To help preserve, protect, and nurture the economic and cultural vitality of downtown Caldwell through the creation of public and private partnerships.

Tuesday, December 7, 2010

Jail House Rock Coming to Caldwell Green

Historic Brownstone Donated by K. Hovnanian for Caldwell
By Diane Lilli
An old post card of the prison, which was once located in Caldwell before the borders changed.

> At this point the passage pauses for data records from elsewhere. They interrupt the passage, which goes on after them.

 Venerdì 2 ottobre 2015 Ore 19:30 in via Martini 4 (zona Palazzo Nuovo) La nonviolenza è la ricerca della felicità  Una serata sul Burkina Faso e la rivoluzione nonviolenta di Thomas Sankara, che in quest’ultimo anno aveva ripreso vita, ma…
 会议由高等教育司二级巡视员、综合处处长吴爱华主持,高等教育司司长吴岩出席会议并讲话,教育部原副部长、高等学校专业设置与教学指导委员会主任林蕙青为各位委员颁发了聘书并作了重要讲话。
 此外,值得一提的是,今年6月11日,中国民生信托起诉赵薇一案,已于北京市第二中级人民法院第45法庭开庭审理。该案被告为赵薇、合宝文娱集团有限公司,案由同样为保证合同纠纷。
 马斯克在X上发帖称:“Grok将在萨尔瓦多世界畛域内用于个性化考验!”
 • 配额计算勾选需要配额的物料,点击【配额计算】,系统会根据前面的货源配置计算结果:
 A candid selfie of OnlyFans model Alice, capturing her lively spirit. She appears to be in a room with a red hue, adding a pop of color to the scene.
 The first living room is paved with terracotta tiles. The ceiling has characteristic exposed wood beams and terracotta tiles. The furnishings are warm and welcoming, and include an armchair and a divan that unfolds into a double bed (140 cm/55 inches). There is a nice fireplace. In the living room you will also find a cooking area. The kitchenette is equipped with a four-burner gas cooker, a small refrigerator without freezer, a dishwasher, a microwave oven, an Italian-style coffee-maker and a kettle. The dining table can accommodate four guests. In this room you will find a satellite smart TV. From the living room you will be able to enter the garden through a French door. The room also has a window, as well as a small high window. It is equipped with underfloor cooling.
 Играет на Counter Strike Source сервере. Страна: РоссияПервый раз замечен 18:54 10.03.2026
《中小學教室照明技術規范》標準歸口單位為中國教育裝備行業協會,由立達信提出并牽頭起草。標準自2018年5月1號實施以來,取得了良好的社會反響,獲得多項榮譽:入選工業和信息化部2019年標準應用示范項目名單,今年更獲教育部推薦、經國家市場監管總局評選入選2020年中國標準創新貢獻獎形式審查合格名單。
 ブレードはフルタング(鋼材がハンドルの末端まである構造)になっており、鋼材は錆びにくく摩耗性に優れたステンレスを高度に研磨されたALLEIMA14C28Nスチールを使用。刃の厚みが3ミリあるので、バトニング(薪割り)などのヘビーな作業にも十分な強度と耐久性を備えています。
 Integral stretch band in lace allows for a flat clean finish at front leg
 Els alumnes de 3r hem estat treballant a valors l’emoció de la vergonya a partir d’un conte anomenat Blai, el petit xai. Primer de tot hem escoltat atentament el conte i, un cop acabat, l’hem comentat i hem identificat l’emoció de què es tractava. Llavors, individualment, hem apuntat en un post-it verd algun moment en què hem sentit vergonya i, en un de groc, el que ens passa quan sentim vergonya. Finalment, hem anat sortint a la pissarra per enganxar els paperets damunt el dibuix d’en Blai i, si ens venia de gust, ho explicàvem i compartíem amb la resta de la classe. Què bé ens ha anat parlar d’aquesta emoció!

Now, the site is in North Caldwell.
Caldwell photographer Alan Schindler, who specializes in architectural photography, knew a good thing when he saw it – and reached out to the K. Hovnanian Homes firm last summer to see if the borough might be able to benefit from what otherwise may have been considered trash.

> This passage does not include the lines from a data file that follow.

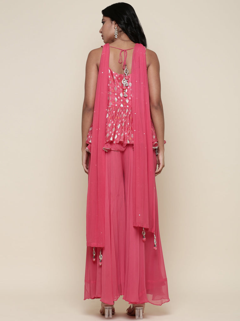 Ghajari georgette peplum and palazzo three piece set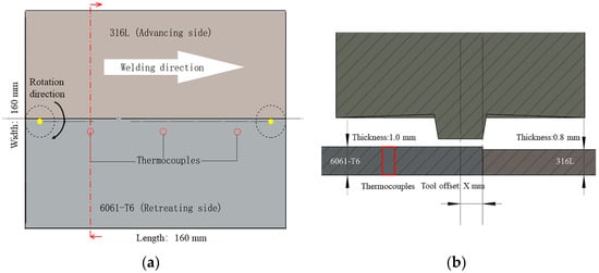 Figure 1a illustrates a schematic diagram of the welding experiment, and X is the tool offset in Figure 1b. As a result of the differences in physical properties between Al and Fe alloys, the Al alloy is placed on the retreating side (RS) to allow its strong plasticity to form a satisfactory weld [8]. In this study, a 1.0 mm-thick 6061-T6 Al alloy and a 0.8 mm-thick 316L SS were used. Table 1 shows the chemical composition of the metal as given in the material certificate provided by the supplier.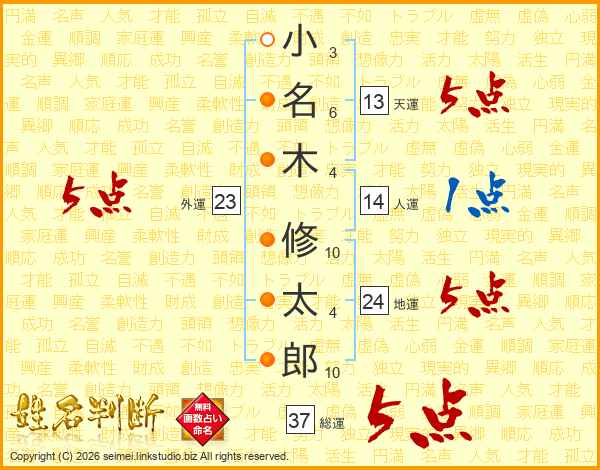 小名木修太郎さんの総運は37画の5点!

But Schindler, trained to see the historical significance in mortar and stone, knew the brownstone being taken down as the old Essex County prison annex was demolished was much more than trash, and instead, treasure.

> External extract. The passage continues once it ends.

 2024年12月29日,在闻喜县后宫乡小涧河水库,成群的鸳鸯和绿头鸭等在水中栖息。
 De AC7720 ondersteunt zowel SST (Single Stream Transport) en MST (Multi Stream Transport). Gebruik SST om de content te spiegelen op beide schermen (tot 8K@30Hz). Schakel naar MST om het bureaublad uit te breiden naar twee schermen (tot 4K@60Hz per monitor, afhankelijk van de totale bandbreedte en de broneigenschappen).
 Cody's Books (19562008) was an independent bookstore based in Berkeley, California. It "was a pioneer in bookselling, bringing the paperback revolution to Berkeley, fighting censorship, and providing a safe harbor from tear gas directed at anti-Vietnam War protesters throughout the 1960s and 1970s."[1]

“I was doing work in Morristown, photographing the green about 2 or 3 years ago,” said Schindler. “I had been working for a landscape architect, and had photographed the green. One of the interesting features was a curved bench, made out of an indigenous material. It was a type of stone with special significance to the Morristown area.”
When Schindler saw the prison finally being brought down, he knew he needed to get a closer look.
“The brownstone is amazing,” he said. “This prison was built back in the 1800’s, and the Presbyterian Church in Caldwell was built only a few years later. The stones look very similar, like they may even have come from the same quarry.”
After taking a tour of the construction site and seeing the brownstone first hand, Schindler reached out to Doug Fenichel, who was then the director of regional pr for the K Hovnanian Home company.
“I thought we could make an interesting curved bench out of the stone,” he added. “Doug was very receptive to the idea and said they would donate whatever we needed.”
Schindler had been working with the committee to redesign the Caldwell green, which had originally planned a restive area with a big clock. Now, since plans have changed for the green, this free brownstone may be a decorative link that also serves as an historical bridge not only for Caldwell but also for the First Presbyterian Church.
‘Using the same materials on the green as the church, for a bench or maybe for some planters, would give a sense of continuity,” said Schindler. “It would also make a great story for Caldwell.”
As for now, the council is aware of the brownstone and at the last council meeting, councilor Joseph Norton told the public about the new idea, with great enthusiasm.
And, as all good ideas, another town has also requested some of the prison. North Caldwell is reported to be taking the tower from the prison, to be used for something in their town.
Though money is tight in all municipalities, this free brownstone may be the building block of something lasting in Caldwell.
“We don’t have to spend a lot of money,” noted Schindler. “We can build something simple and iconic. It’s historic.”